Assigned task: Please return only the lines from the one holding "Bandana Wrap Flat Top Straw Hat" through the one holding "Žiarovka FOREVER LED", exactly as they appear in the records below, both ends included.

Exercise data:
· · · · · · ·

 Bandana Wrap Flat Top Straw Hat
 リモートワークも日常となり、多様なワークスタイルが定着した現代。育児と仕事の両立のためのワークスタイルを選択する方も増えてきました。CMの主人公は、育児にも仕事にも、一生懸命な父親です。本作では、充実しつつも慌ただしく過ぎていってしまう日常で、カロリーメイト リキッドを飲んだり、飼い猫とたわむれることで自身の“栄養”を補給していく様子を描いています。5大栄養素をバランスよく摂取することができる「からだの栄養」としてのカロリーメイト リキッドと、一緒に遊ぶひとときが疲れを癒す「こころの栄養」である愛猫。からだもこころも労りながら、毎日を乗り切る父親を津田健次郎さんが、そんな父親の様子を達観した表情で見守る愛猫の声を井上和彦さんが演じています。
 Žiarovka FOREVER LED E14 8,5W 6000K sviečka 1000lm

· · · · · · ·

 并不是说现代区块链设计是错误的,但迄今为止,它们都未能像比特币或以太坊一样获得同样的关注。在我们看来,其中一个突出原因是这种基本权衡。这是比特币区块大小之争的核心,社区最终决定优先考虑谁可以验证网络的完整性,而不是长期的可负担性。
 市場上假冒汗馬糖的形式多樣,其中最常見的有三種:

· · · · · · ·

Answer to this problem:
 Bandana Wrap Flat Top Straw Hat
 リモートワークも日常となり、多様なワークスタイルが定着した現代。育児と仕事の両立のためのワークスタイルを選択する方も増えてきました。CMの主人公は、育児にも仕事にも、一生懸命な父親です。本作では、充実しつつも慌ただしく過ぎていってしまう日常で、カロリーメイト リキッドを飲んだり、飼い猫とたわむれることで自身の“栄養”を補給していく様子を描いています。5大栄養素をバランスよく摂取することができる「からだの栄養」としてのカロリーメイト リキッドと、一緒に遊ぶひとときが疲れを癒す「こころの栄養」である愛猫。からだもこころも労りながら、毎日を乗り切る父親を津田健次郎さんが、そんな父親の様子を達観した表情で見守る愛猫の声を井上和彦さんが演じています。
 Žiarovka FOREVER LED E14 8,5W 6000K sviečka 1000lm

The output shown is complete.